I asked this before, but I still don't have the complete picture of this.

In Canada and Australia (and also Germany) there are many plate varieties that are well-known and collected and searched for. They sell for thousands of dollars in auctions.

US stamps have a huge market which is also very strong these days (see last larger Siegel auctions). But one topic is nearly completely missing: plate varieties, double transfers, "re-entries" (like they call it in Canada).

There is a book by Loran French about the BEP plate varieties which I know and it's a great resource to find them but not help at all in getting an idea of value and commonness. Quite often we see here at SCF someone asking about a nice variety but usually the answer is "very nice!" and "to be found in French's book on page xx" or may be "not in French's book".

I understood that there is not a particular big market for those varieties in US stamps (although I don't understand how this developed to this point). And I don't want to force the market to find them more important :). I also understood that most important varieties are listed in Scott which helps indeed in getting the value.

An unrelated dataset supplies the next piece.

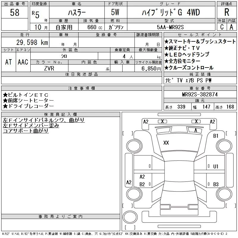 Suzuki HUSTLER с аукциона Японии CAA Gifu лот № 58
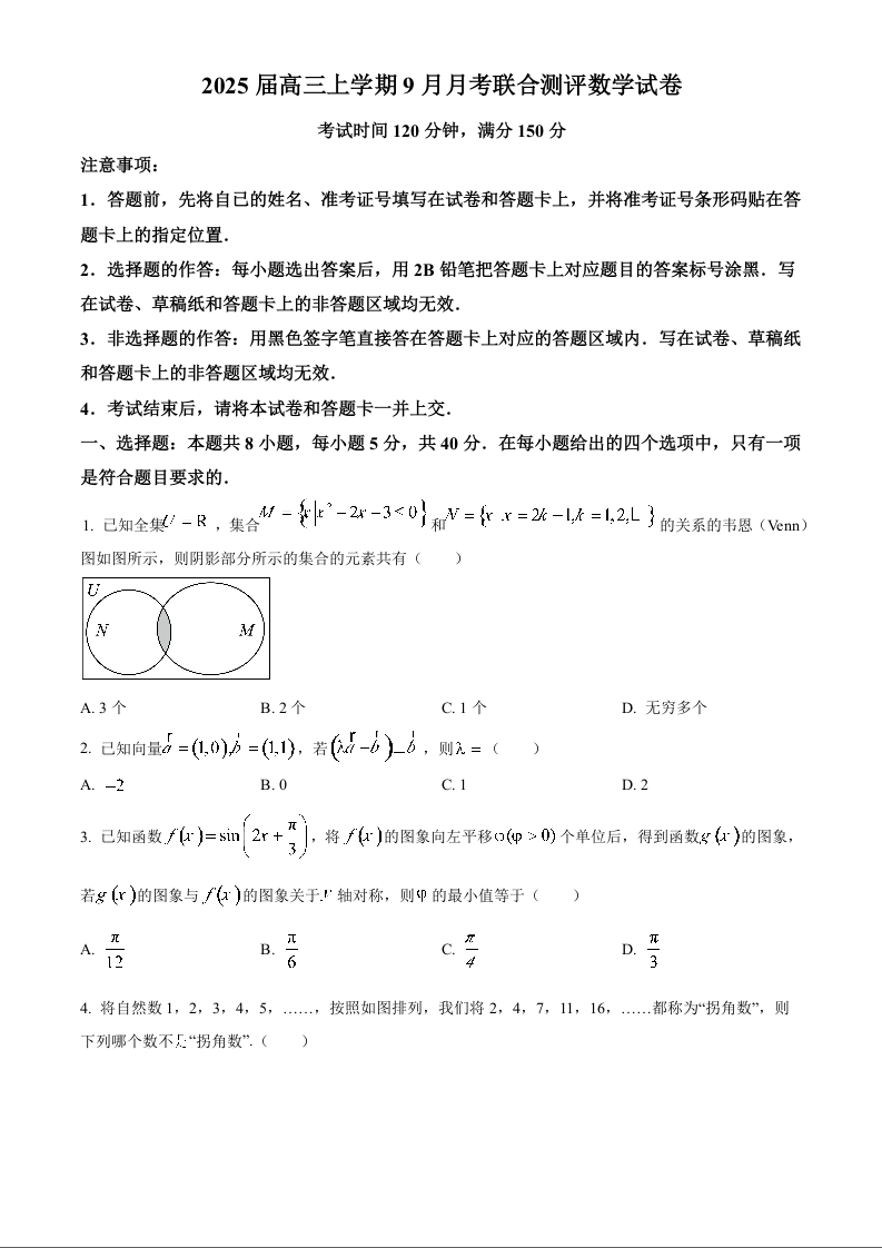 湖北省云学联盟部分重点高中2024-2025学年高二上学期9月联考数学(原卷版)

What I still did not understand:
- is there any indication about value for the varieties that French lists but Scott does not?
- are most of the varieties in French's book quite common, or are there some - not listed in Scott - which appeared just 2 or 3 times?
- if yes, why is there no explanation about this in French's book or are they then not listed in Scott?

My understanding about plate varieties is (and I think this how it works in Canada, Australia, Germany):
- we need a constant variety
- if we have one: the variety is rare and valuable if there are only a few stamps known
- then this variety is always listed in the catalogue and we find auction results.

In US stamps this approach does not seem to work. Maybe there are just too many varieties and nobody ever cared about quantifying them?

---
just to add: I also know the plate varieties of the 1851 1 cent and 3 Cents which are listed indeed. As said I ask more about those varieties not listed in Scott and general the market of plate varieties as an own collecting area.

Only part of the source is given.